NewAmsterdam Pharma Presents Additional Data From Phase 3 BROOKLYN Clinical Trial Evaluating Obicetrapib In Patients With Heterozygous Familial Hypercholesterolemia At AHA Scientific Sessions 2024; Met Primary Endpoint With LDL-C Mean Reduction Versus...

NewAmsterdam Pharma向2024年AHA科学会议展示了第3期BROOKLYN临床试验中有关Obicetrapib在具有杂合家族性高胆固醇血症患者中的额外数据；与安慰剂相比，Met主要终点，LDL-C均值降低

Benzinga · 11/19 04:21

NewAmsterdam Pharma Presents Additional Data From Phase 3 BROOKLYN Clinical Trial Evaluating Obicetrapib In Patients With Heterozygous Familial Hypercholesterolemia At AHA Scientific Sessions 2024; Met Primary Endpoint With LDL-C Mean Reduction Versus Placebo Of 36.3% At Day 84 And 41.5% At Day 365

NewAmsterdam Pharma在2024年美国心脏协会科学会议上发布了关于评估Obicetrapib在患有杂合子家族性高胆固醇血症患者中的第三阶段BROOKLYN临床试验的额外数据；在第84天与安慰剂相比，LDL-C的平均降低达到36.3%，在第365天达到了41.5%。
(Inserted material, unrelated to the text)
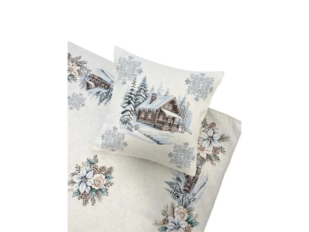 Biely poťah na vankúš s vianočným motívom je ideálny na ozdobenie vášho interiéru počas Vianoc. Krásny motív vianočnej zimnej krajiny s jemnými snehovými zátiším vytvorí atmosféru pohody. Poťah vankúša je príjemný na dotyk a je odnímateľný pomocou zipsu.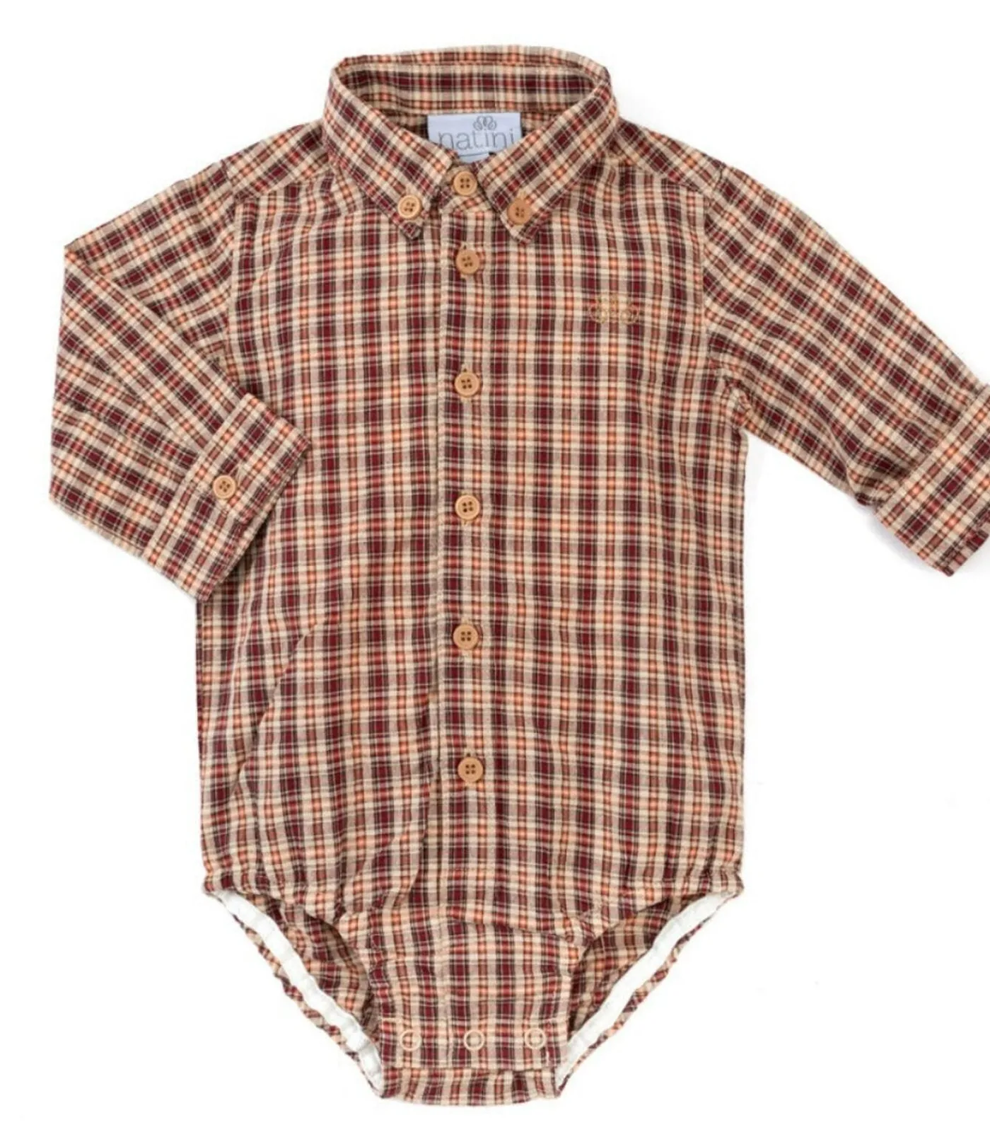 Bordeaux met beige geruit bodyhemdje. Een bodyhemdje doe je het gemakkelijkst aan van onder naar boven, dus eerst de benen en nadien de armen. Combineer het hemdje met een beige of oranje v–pull.

– Met primary endpoint with LDL-C mean reduction versus placebo of 36.3% at day 84 and 41.5% at day 365 –

– 在第84天与安慰剂相比，LDL-C的平均降低达到36.3%，在第365天达到41.5% –

– Lp(a) mean reduction versus placebo of 45.9% at day 84 and 54.3% at day 365 –

– Lp(a)在第84天与安慰剂相比减少了45.9%，在第365天减少了54.3% –

– Total LDL-P mean reduction versus placebo of 52.5% at day 180, with small LDL-P reduction of 102.4% –

– 总LDL-P在第180天与安慰剂相比减少了52.5%，小LDL-P减少了102.4% –

– Safety results comparable to placebo –

– 安全性结果与安慰剂相当 –

NAARDEN, the Netherlands and MIAMI, Nov. 18, 2024 (GLOBE NEWSWIRE) -- NewAmsterdam Pharma Company N.V. (NASDAQ:NAMS), a late-stage, clinical biopharmaceutical company developing oral, non-statin medicines for patients at risk of cardiovascular disease ("CVD") with elevated low-density lipoprotein cholesterol ("LDL-C"), for whom existing therapies are not sufficiently effective or well-tolerated, today announced additional results from the Company's Phase 3 BROOKLYN clinical trial (NCT05425745) evaluating obicetrapib in adult patients with heterozygous familial hypercholesterolemia ("HeFH"), whose LDL-C is not adequately controlled, despite being on maximally tolerated lipid-lowering therapy. The data were presented today in an oral late-breaker presentation at the American Heart Association (AHA) Scientific Sessions.

荷兰纳尔登和美国迈阿密，2024年11月18日（GLOBE NEWSWIRE）——NewAmsterdam Pharma Company N.V.（纳斯达克：NAMS）是一家晚期临床生物制药公司，致力于开发针对具有心血管疾病（"CVD"）风险且低密度脂蛋白胆固醇（"LDL-C"）升高患者的口服非他汀类药物，现有治疗方案不能够有效或耐受，今天宣布了该公司第三阶段BROOKLYN临床试验（NCT05425745）评估在尽管接受了最大耐受的降脂治疗但LDL-C未得到有效控制的杂合子家族性高胆固醇血症（"HeFH"）成人患者中使用obicetrapib的额外结果。今天在美国心脏协会（AHA）科学会议上进行了口头晚期报告。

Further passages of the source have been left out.